[Instructions for the task] Between the line containing "Boitiers pupitres modernes" and the line containing "ഭക്ഷണം പാഴാക്കി കളയുന്ന" lies a run of lines; give that run again exactly, with both of those lines, and nothing else from the entries below.

[Records supplied]
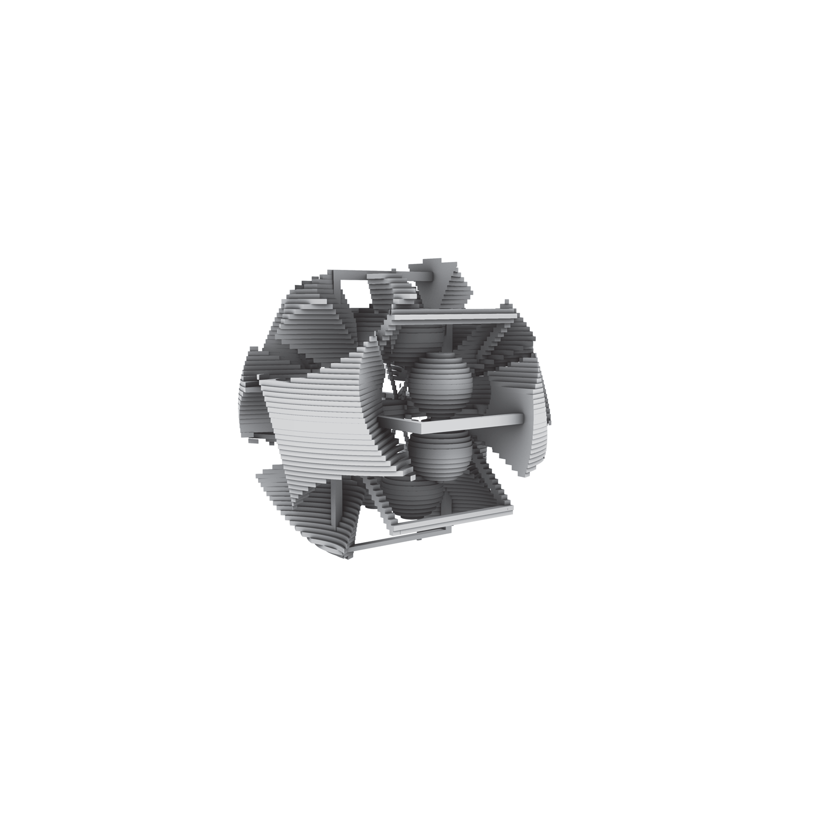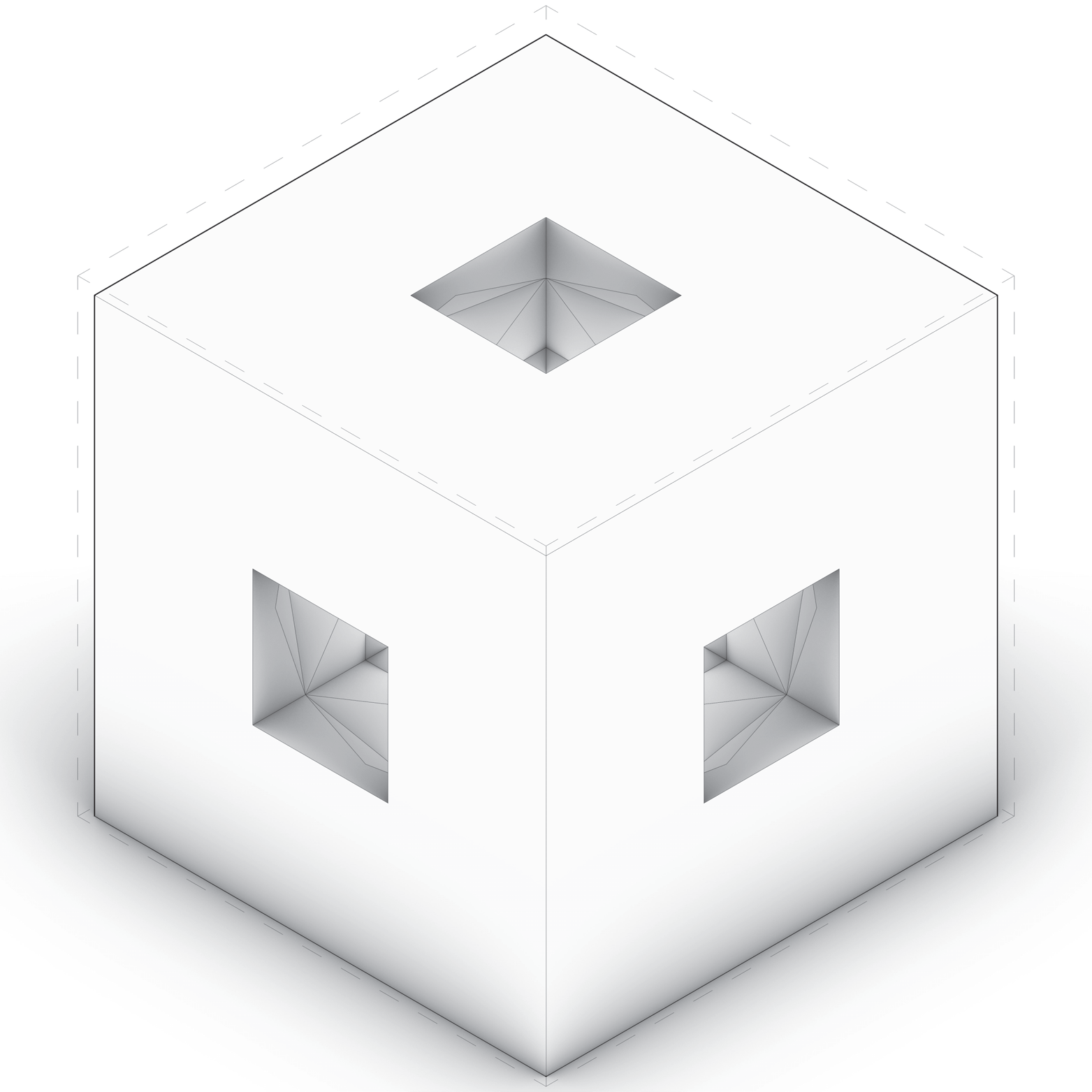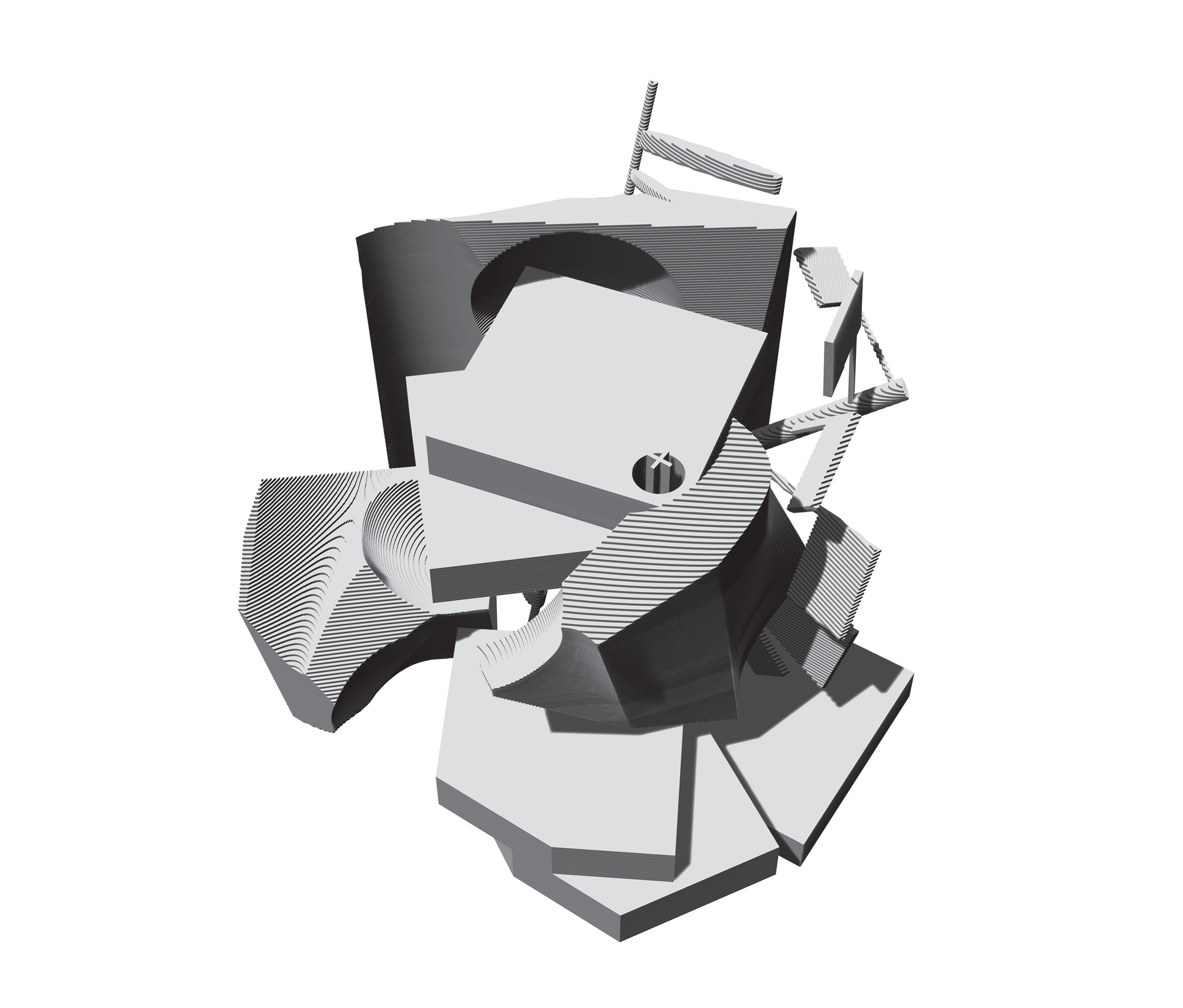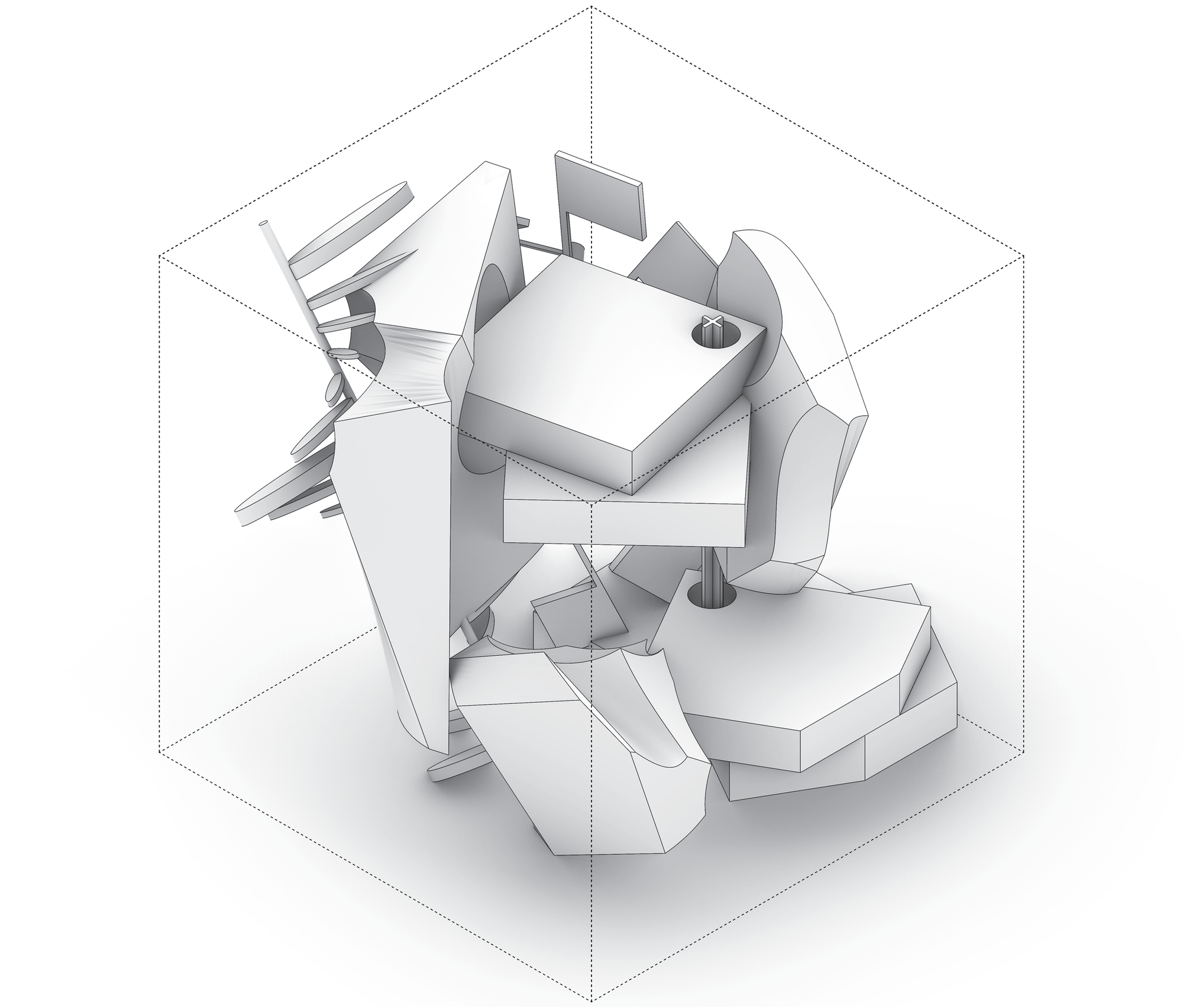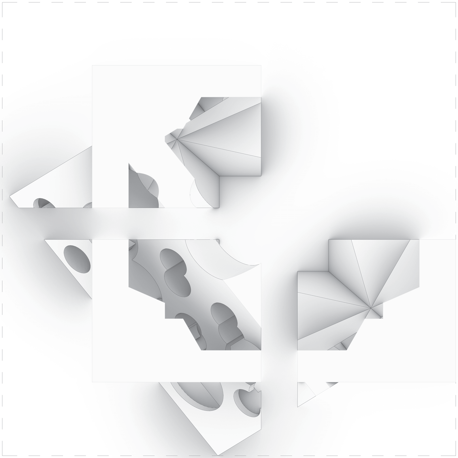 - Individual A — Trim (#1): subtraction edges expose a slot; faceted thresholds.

---

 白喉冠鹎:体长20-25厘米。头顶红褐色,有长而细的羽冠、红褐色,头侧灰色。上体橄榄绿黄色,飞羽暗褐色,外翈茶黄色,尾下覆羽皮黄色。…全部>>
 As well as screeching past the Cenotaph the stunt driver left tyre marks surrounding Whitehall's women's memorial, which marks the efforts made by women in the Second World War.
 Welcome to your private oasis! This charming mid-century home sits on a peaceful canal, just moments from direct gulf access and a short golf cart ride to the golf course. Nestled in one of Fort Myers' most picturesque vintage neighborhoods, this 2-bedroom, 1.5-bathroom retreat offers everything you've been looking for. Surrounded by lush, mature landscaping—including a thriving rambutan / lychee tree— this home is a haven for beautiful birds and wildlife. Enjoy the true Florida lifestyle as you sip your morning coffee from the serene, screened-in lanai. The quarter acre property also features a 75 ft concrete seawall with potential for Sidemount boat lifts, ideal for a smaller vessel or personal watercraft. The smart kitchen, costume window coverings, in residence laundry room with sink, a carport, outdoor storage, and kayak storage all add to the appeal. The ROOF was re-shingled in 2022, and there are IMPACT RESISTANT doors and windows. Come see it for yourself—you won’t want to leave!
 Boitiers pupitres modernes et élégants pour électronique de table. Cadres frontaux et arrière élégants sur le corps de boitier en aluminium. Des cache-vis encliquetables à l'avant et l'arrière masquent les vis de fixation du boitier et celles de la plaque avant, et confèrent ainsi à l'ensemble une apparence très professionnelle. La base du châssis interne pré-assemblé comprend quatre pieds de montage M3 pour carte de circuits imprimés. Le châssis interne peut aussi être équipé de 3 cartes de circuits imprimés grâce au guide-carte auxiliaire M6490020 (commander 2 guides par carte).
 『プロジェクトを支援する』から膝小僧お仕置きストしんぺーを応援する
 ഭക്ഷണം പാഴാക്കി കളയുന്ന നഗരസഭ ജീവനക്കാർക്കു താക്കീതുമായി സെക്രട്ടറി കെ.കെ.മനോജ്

[Response area]
 Boitiers pupitres modernes et élégants pour électronique de table. Cadres frontaux et arrière élégants sur le corps de boitier en aluminium. Des cache-vis encliquetables à l'avant et l'arrière masquent les vis de fixation du boitier et celles de la plaque avant, et confèrent ainsi à l'ensemble une apparence très professionnelle. La base du châssis interne pré-assemblé comprend quatre pieds de montage M3 pour carte de circuits imprimés. Le châssis interne peut aussi être équipé de 3 cartes de circuits imprimés grâce au guide-carte auxiliaire M6490020 (commander 2 guides par carte).
 『プロジェクトを支援する』から膝小僧お仕置きストしんぺーを応援する
 ഭക്ഷണം പാഴാക്കി കളയുന്ന നഗരസഭ ജീവനക്കാർക്കു താക്കീതുമായി സെക്രട്ടറി കെ.കെ.മനോജ്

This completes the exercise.